Exercise data below:

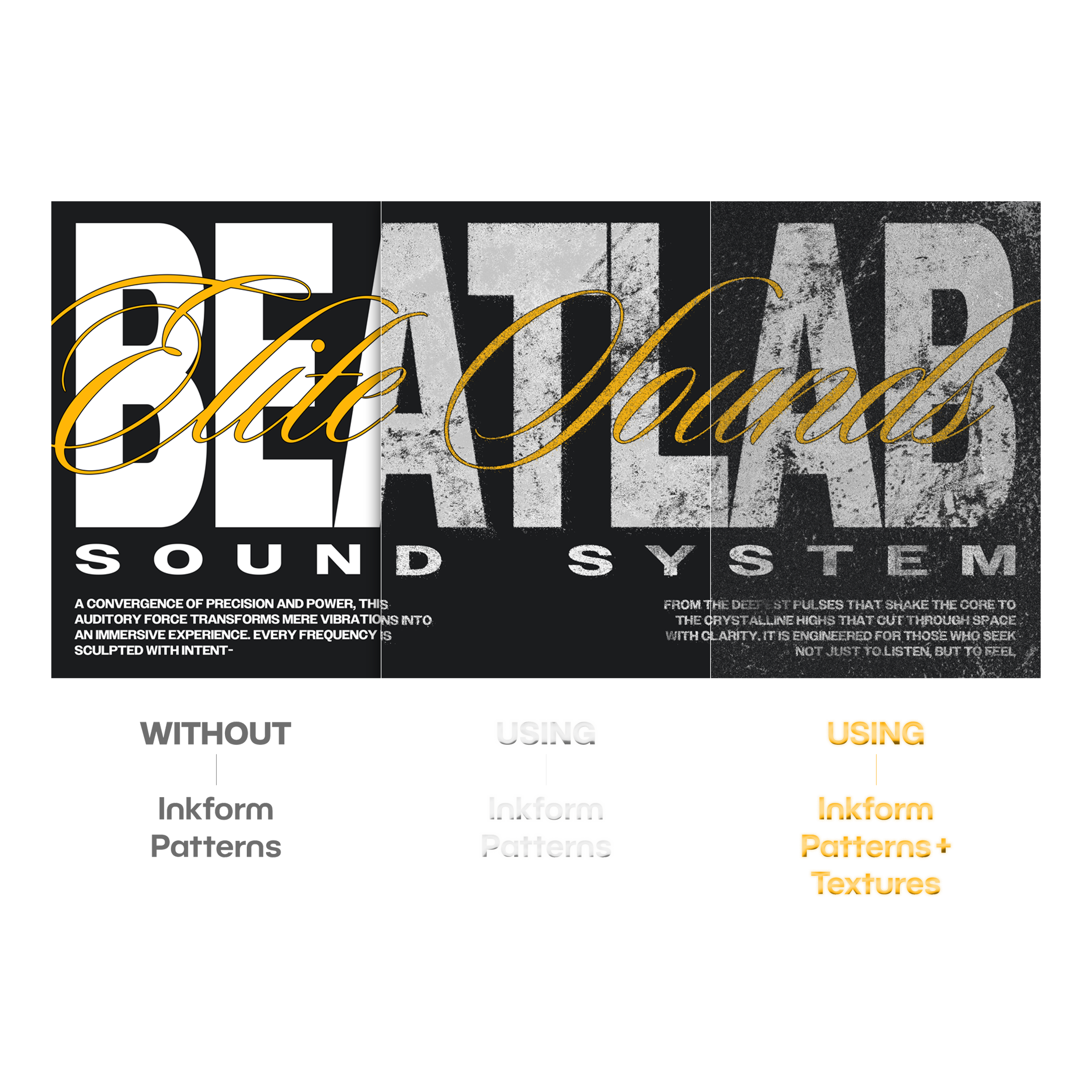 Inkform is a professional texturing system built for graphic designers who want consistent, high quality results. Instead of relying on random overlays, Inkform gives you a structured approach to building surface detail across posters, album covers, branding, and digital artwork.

End of Exercise data.
Exercise data below:

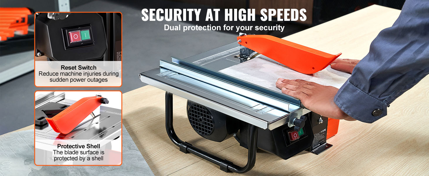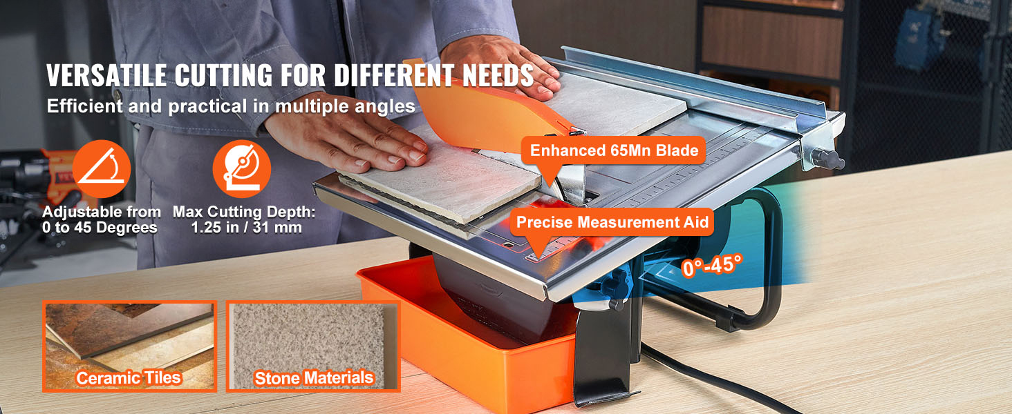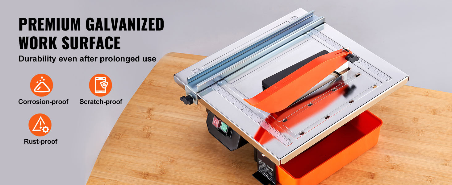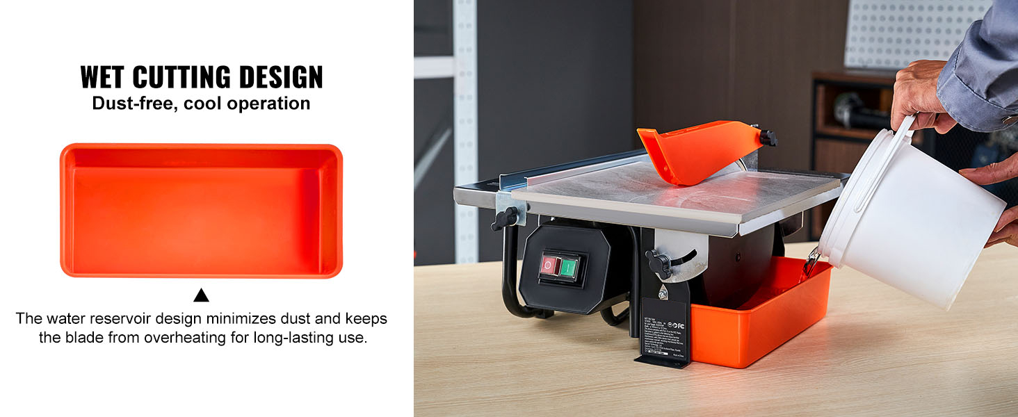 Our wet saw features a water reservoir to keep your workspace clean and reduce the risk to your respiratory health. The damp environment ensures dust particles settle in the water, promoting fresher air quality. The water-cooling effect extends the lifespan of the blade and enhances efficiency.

End of Exercise data.
Exercise data below:

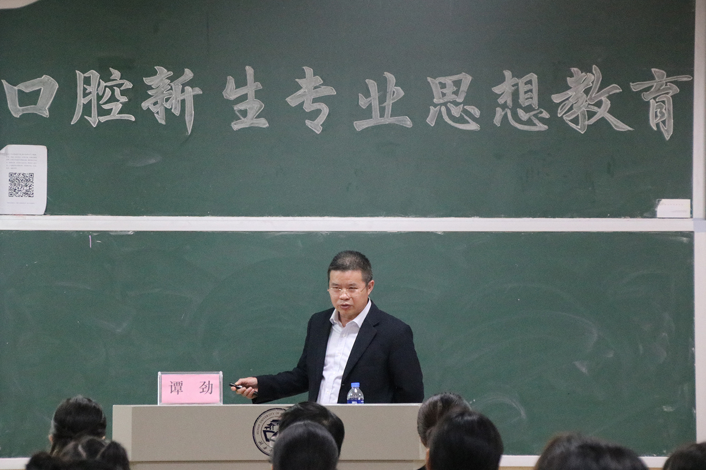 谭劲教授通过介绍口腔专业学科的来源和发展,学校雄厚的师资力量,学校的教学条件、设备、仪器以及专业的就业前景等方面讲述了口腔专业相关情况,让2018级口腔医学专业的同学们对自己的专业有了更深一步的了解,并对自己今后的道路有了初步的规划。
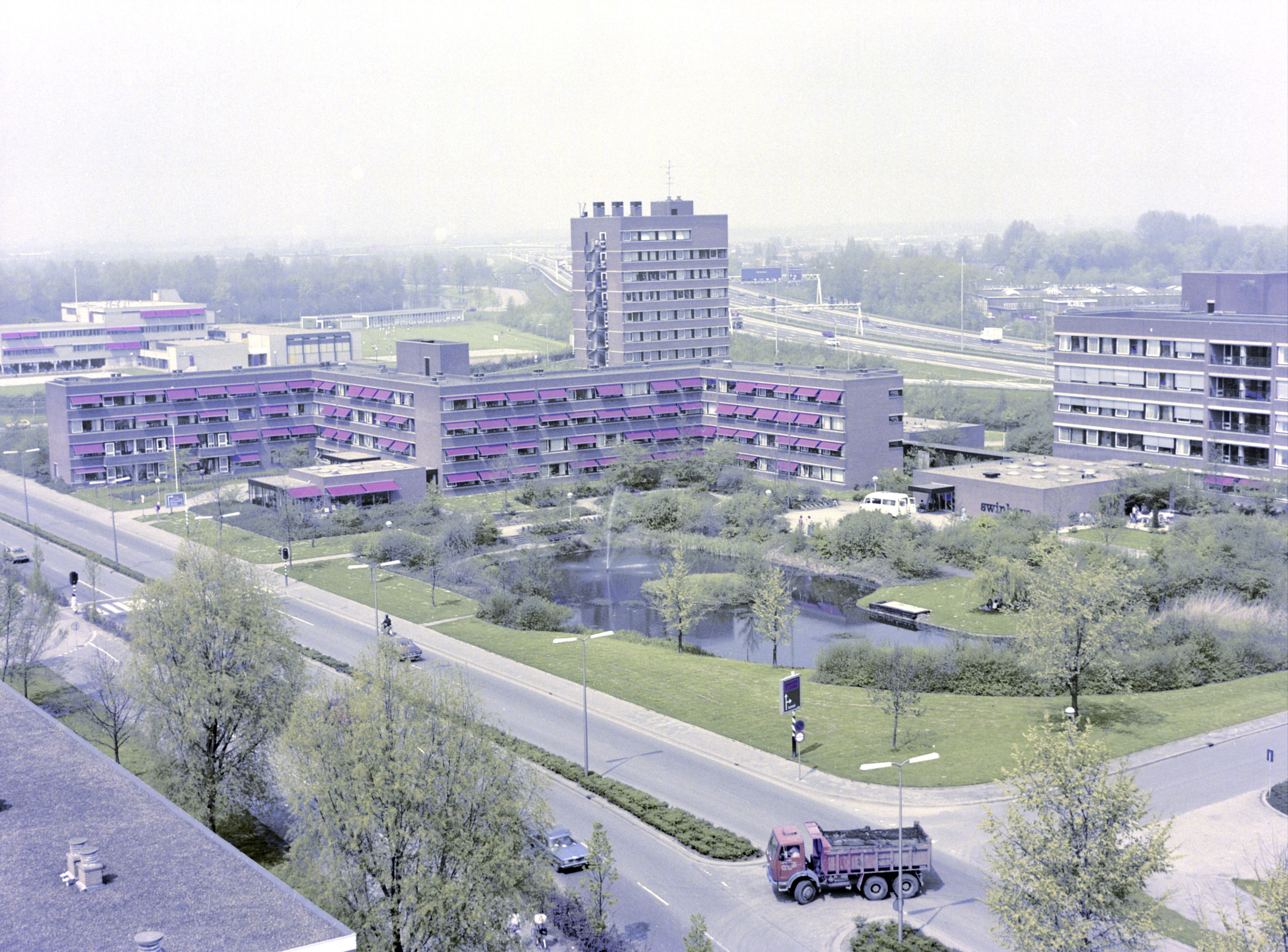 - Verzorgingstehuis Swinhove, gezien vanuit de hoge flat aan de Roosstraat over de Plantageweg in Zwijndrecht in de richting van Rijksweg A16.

End of Exercise data.

=== Activity ===
Although pictures appear among the records above, none are to be output; print exactly the lines from the line containing "谭劲教授通过介绍口腔专业学科" through the line containing "- Verzorgingstehuis Swinhove, gezien".

=== Finished exercise ===
 谭劲教授通过介绍口腔专业学科的来源和发展,学校雄厚的师资力量,学校的教学条件、设备、仪器以及专业的就业前景等方面讲述了口腔专业相关情况,让2018级口腔医学专业的同学们对自己的专业有了更深一步的了解,并对自己今后的道路有了初步的规划。
 - Verzorgingstehuis Swinhove, gezien vanuit de hoge flat aan de Roosstraat over de Plantageweg in Zwijndrecht in de richting van Rijksweg A16.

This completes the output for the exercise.